Enhancing the Electrochemical Efficiency of ZnO/NiO Nano Composite Through Air Plasma Treatment

Abstract

This investigation examines the electrochemical behaviors of ZnO/NiO nanocomposites synthesized through a hydrothermal method and subsequently subjected to air plasma treatment, highlighting their potential in energy storage applications. XRD analysis confirmed the highly crystalline nature of the wurtzite ZnO and cubic NiO phases without secondary impurities. Plasma treatment enhanced crystallinity, as evidenced by sharper diffraction peaks. FTIR analysis revealed improvements in oxygenated functional groups posttreatment.
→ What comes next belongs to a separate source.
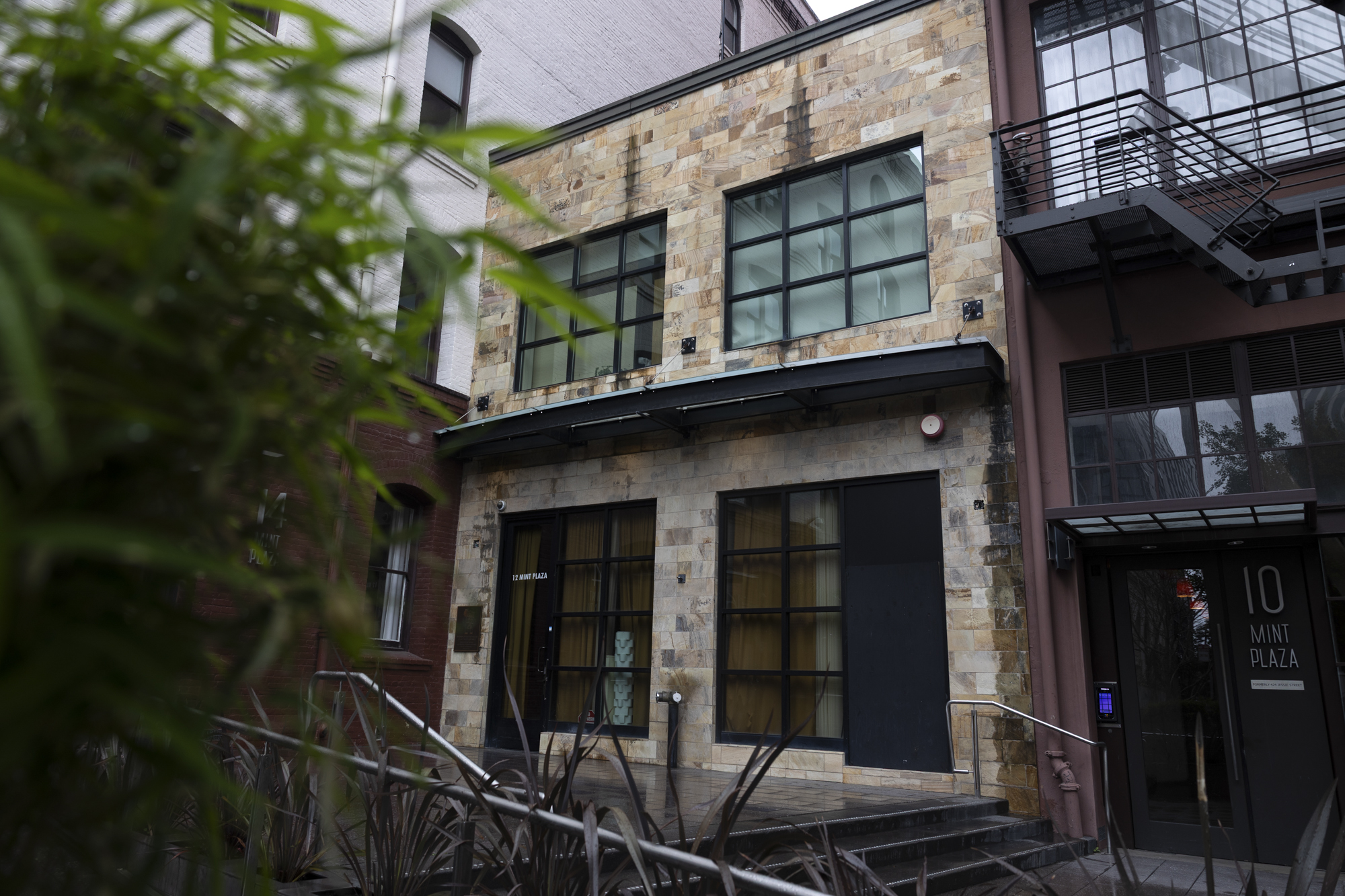 The exterior of 12 Mint Plaza, home to Brownstone’s pod-based co-living space, is seen on April 10, 2026, in San Francisco. (Gustavo Hernandez/KQED)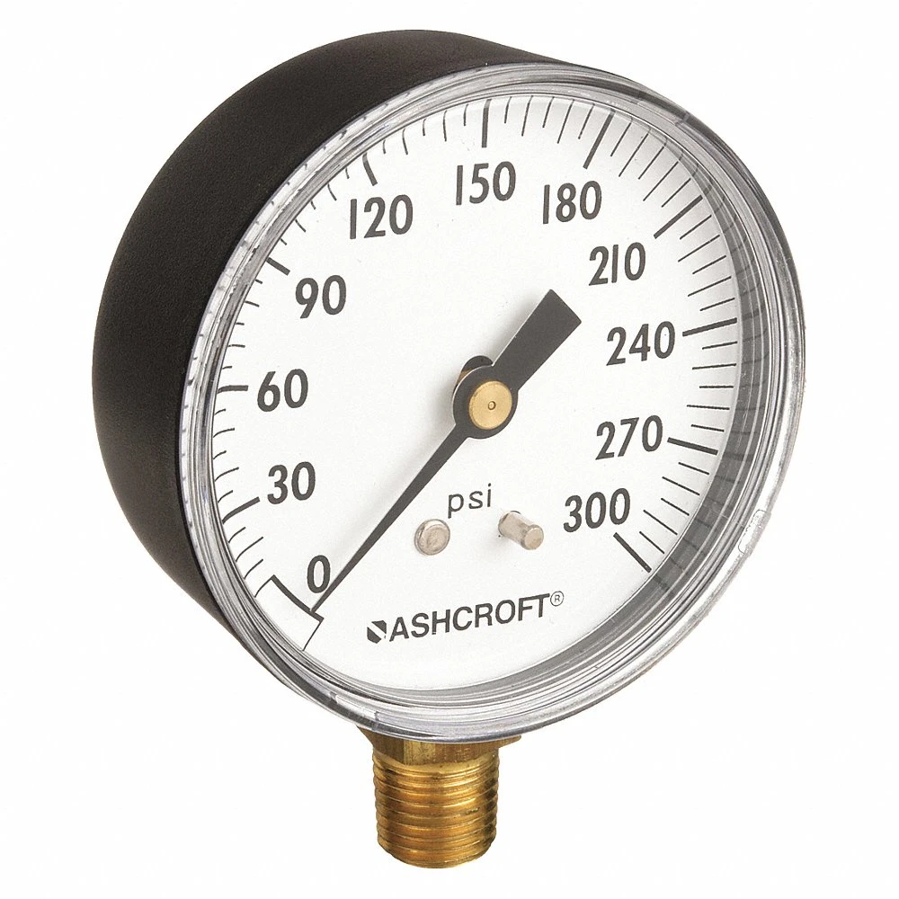 ASHCROFT 25W1005PH02L300# Industrial Pressure Gauge, Gen-Purpose Case, 0 to 300 PSI, 2 1/2 in Dial, 1/4 in NPT Male

FESEM images showed uniform spherical structures (∼2 µm) with increased surface roughness, and EDAX confirmed the elemental composition. Electrochemical analysis revealed significant improvements in performance due to plasma treatment. The plasma treated ZnO/NiO exhibited a total capacitance of 4773 F/g, compared to 2773 F/g for untreated samples. Specific capacitance at 10 mV/s decreased from 829 F/g (untreated) to 691 F/g (treated); however, at 100 mV/s, the treated sample retained a higher capacitance (331 F/g) than the untreated (187 F/g). A higher b-value (0.742) for treated samples indicates the enhanced capacitive behavior. Charge-discharge studies demonstrated high reversibility, with treated samples achieving better nonlinear double layer characteristics. Impedance spectroscopy showed reduced polarization and charge transfer resistance for treated samples compared to untreated, indicating improved conductivity and active site availability. These outcomes spotlight the effectiveness of the plasma treatment of ZnO/NiO nanocomposites.